Non-zero torsion causes tetrads carried in different directions past a given space-time point to rotate relative to one another. To illustrate what that would mean, suppose you carry a non-rotating bicycle wheel, which you know is not rotating because the tension in the spokes is minimized. Then suppose your friend flies past you, carrying a bicycle wheel which they also determined was non-rotating. In a universe with non-vanishing torsion, the wheels could be rotating relative to one another.

To see why, consider a coordinate system in which none of the legs of a tetrad at rest show any apparent rate of change (a tetrad means three orthogonal gyroscopes together with the tangent vector to their world line). Since your coordinate system is chosen so that none of the tetrad legs are changing in time, the connection coefficients with first subscript $t$ vanish, $\Gamma^\alpha_{t\nu} = 0$ for all $\alpha$ and $\nu$. Since the basis vectors are unchanged under time translation, symmetry implies $\Gamma^\alpha_{\nu t} = 0$, in particular that the time component of any vector is unchanged by translation along the space-like directions $\nu=1,2,3$. Due to metric compatibility, vectors maintain their lengths, and since the time components of all vectors are unchanged, it means the space components can only be rotated, for example $\Gamma^z_{xy} = 1$ and $\Gamma^y_{xz} = -1$ (corresponding to a rotation of the $y-z$ plane induced by translation in $x$). Invoking symmetry again, $\Gamma^z_{yx} = 1$ and $\Gamma^y_{zx} = -1$. For translation along $y$ and $z$ to also be rotations, one requires $\Gamma^x_{yz} = -1$ and $\Gamma^x_{zy} = 1$. But that contradicts the symmetry assumption. The conclusion is that symmetry of the connection ensures that all the coefficients vanish if they are zero for translation in any time-like direction.
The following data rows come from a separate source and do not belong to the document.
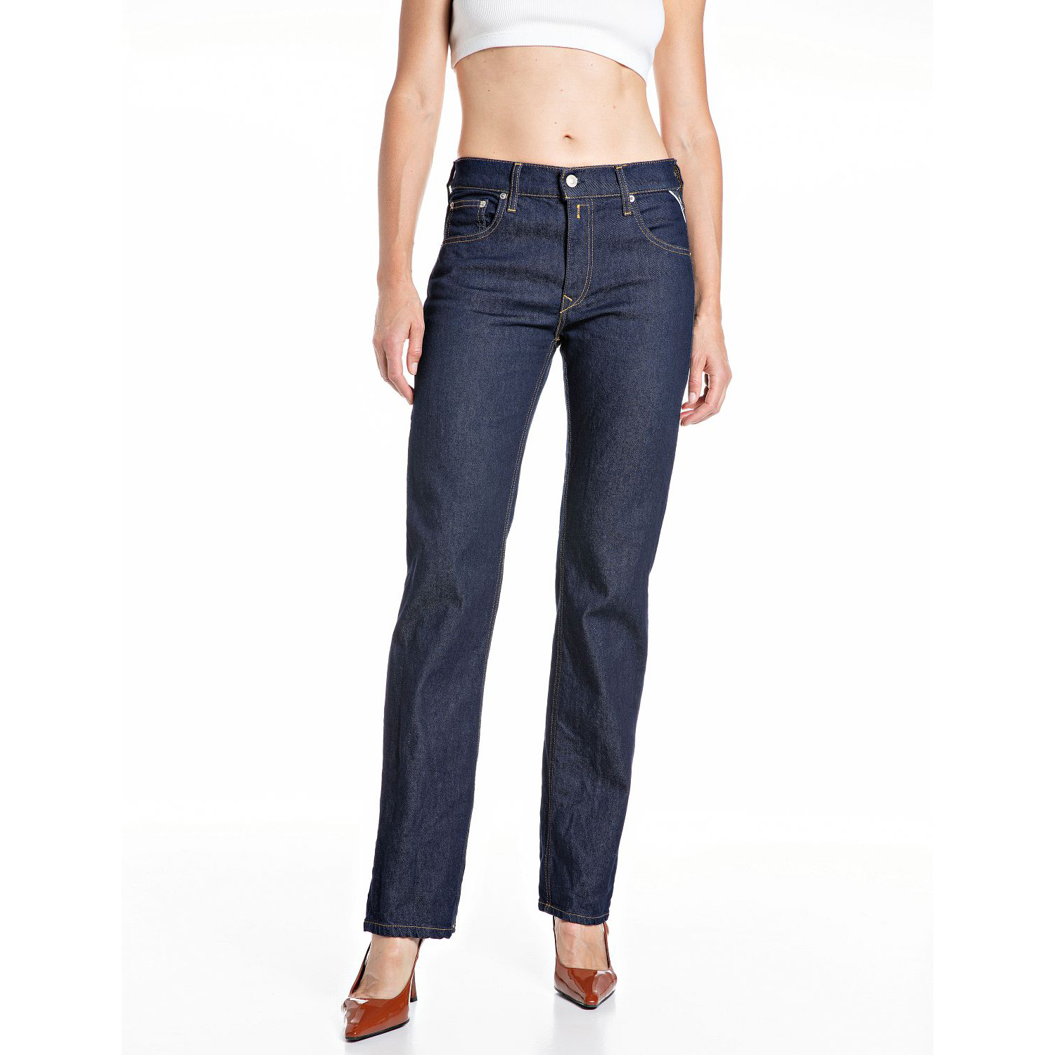 REPLAY WOMEN'S AKEME STRAIGHT FIT JEANS 12 OZ COTTON/LYOCELL STRETCH INDIGO IN DARK BLUE
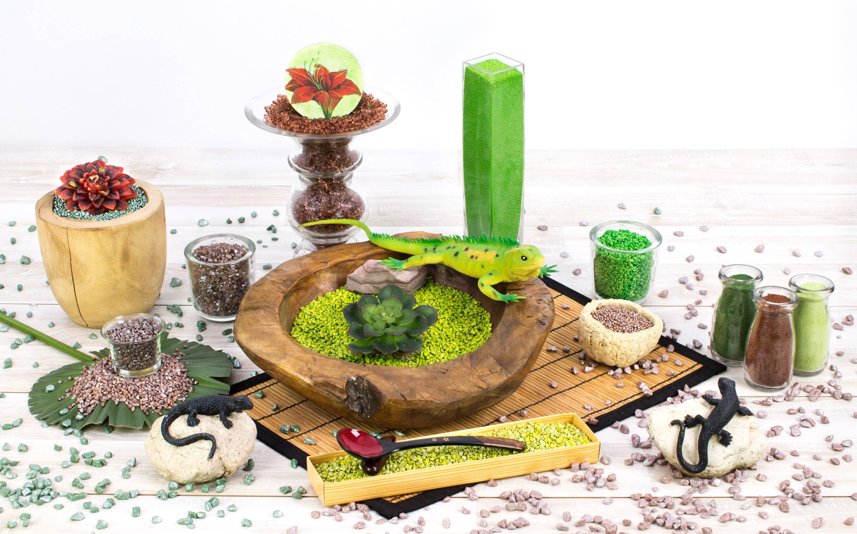 - feiner Sand eingefärbt in Pigmentfarbe moosgrün, Farbe ist für Tiere und Pflanzen unbedenklich
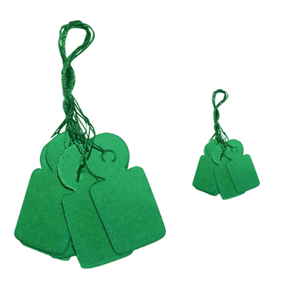 Tag with green thread isolated on green background. Use for organizing, labeling or pricing. Made of heavy weight white quality paper. Pack of 500pcs.

For this reason, non-zero torsion makes it impossible to construct inertial coordinates in the usual sense around a given point. Worse, if the metric no longer uniquely specifies the connection, one needs to reconsider its significance. If the metric is retained, then one also needs to decide whether test particles follow the geodesics (distance-minimizing paths) or the auto-parallels (parallel transport of the tangent vector) as these are distinct conditions in the presence of torsion. One then also needs to question the roles of gyroscopes in thought experiments, as the symmetry of the connection is what ensures that the apparent torque due to gravito-magnetic (Coriolis-like) forces on the flywheel recovers the parallel transport of a space-like vector. Also the field equations need to be modified because both of the Bianchi identities fail in the presence of torsion.